<<<<

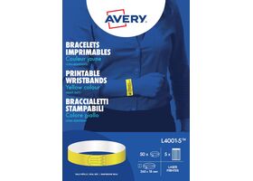 Avery bedrukbare polsbandjes, ft 18 x 265 mm, geel, pak van 50 etiketten (L40015)
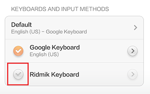 Go to Android device’s settings & tap on Language and input>Your installed Keyboard. For example we have shown Ridmik Keyboard
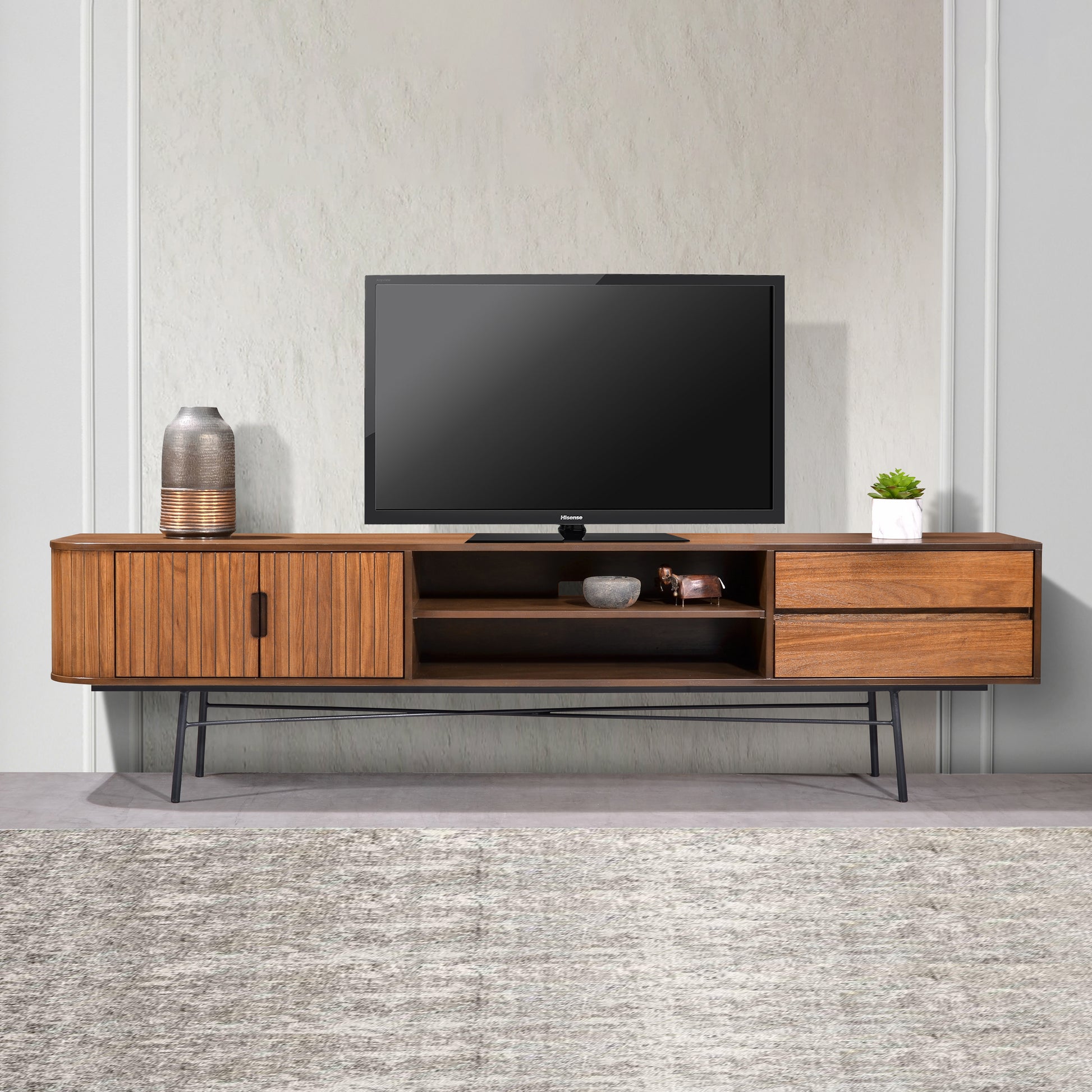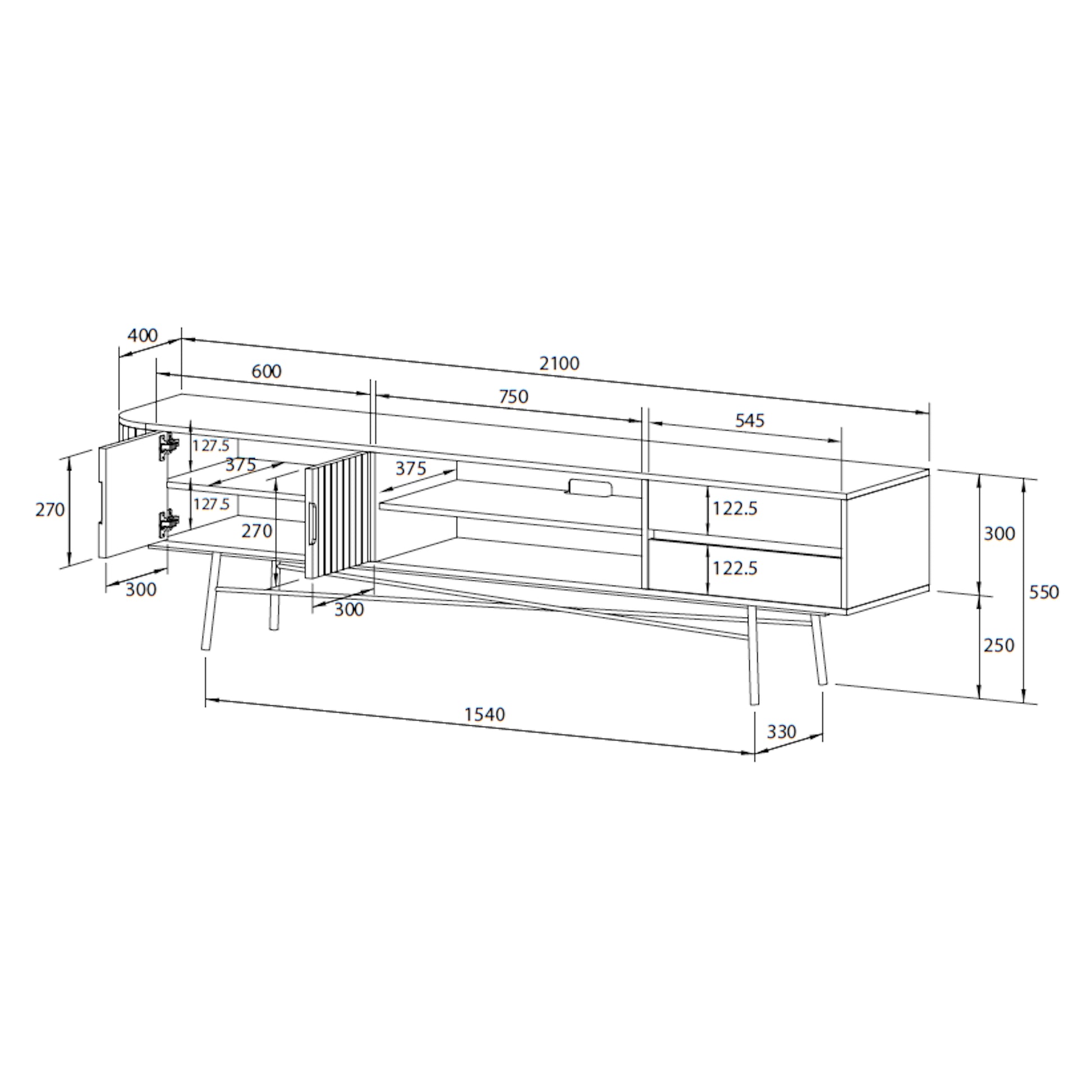 Criterion Albany Entertainment Unit, TV Cabinet 2100mm Semi-Assembled, Powder Coated Steel Legs Dark Ash
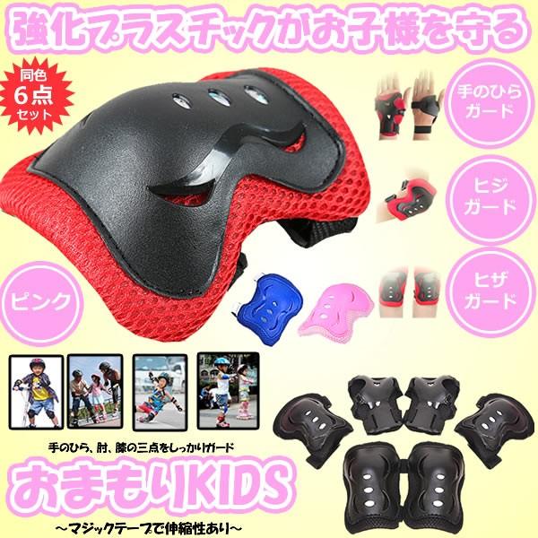 プロテクター キッズプロテクター 子供用 怪我防止 ピンク 6点セット 自転車 一輪車 スケボー ローラースケート 手首 肘 膝 お守りKIDS OMAKIDS-PK
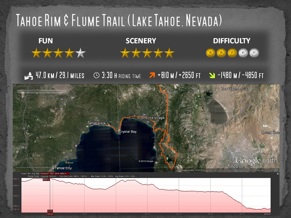 The Tahoe Rim & Flume Trail is a legendary MTB-ride through fascinating nature with stunning views. It is best done as shuttle ride starting at Tahoe Meadows on the Tahoe Rim Trail (shuttle services are available in Incline Village).

>>>>

* Assignment: Copy every line above exactly; images stay out.

* Answer to the exercise:
 Avery bedrukbare polsbandjes, ft 18 x 265 mm, geel, pak van 50 etiketten (L40015)
 Go to Android device’s settings & tap on Language and input>Your installed Keyboard. For example we have shown Ridmik Keyboard
 Criterion Albany Entertainment Unit, TV Cabinet 2100mm Semi-Assembled, Powder Coated Steel Legs Dark Ash
 プロテクター キッズプロテクター 子供用 怪我防止 ピンク 6点セット 自転車 一輪車 スケボー ローラースケート 手首 肘 膝 お守りKIDS OMAKIDS-PK
 The Tahoe Rim & Flume Trail is a legendary MTB-ride through fascinating nature with stunning views. It is best done as shuttle ride starting at Tahoe Meadows on the Tahoe Rim Trail (shuttle services are available in Incline Village).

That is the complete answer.